Based on translation of Jibananda Das’ ‘Banalata Sen’, by Sunandan Roy Chowdhury, published by Sampark Publishing. This session will also feature poems of Maham Suhail and other poets from Pakistan.
The 40 mins session was in English & Urdu.
‘Trunk Call’
Mahal
Suhail, is from Lahore. She is young – a singer, poet, image maker
& a performing artist, who journeys into her neighborhood – for her
love of ‘Indian’ classical music, and for a quest for creative
discoveries. Janardhan Ghosh – a traversal personality having traveled
the contours of ‘Bengali’ theatre of Badal Sarkar, Anjan Dutta &
others, trained with Włodzimierz Staniewski.

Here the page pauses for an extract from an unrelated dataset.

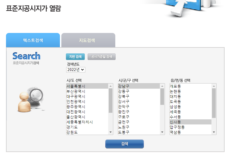 내가 알고싶은 지역의 시/도,군,읍/면/동을 선택하시면 표준지공시지가를 바로 보실 수 있습니다.
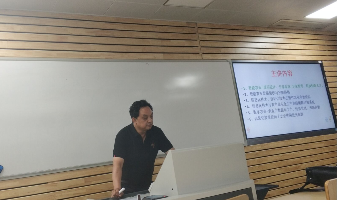 董顺文老师从自己对智能农业的理解入手,向同学们理论结合实际地生动讲解了智能农业发展现状与发展趋势、信息化技术、自动化技术在现代农业中的应用、信息化技术与农产品安全生产追踪溯源可视系统,以及农业大数据与生产、经营管理、市场营销等内容。董顺文老师授课亲切、详尽,讲座内容给师生们留下了深刻的印象,引发了师生们对智能智慧农业应用的热烈讨论,激起了学生们的强烈兴趣。

He is a poet, writer,
actor, currently a lecturer of English at Vivekananda University. He is a
scholar of religious philosophy and a raconteur.
The two artists
meet in Kolkata on the Katha Koli platform. Katha Koli, is a new age
storytelling platform, uses multimedia and interdisciplinary art
practices to tell stories of – if we could quote D H Lawrence, ”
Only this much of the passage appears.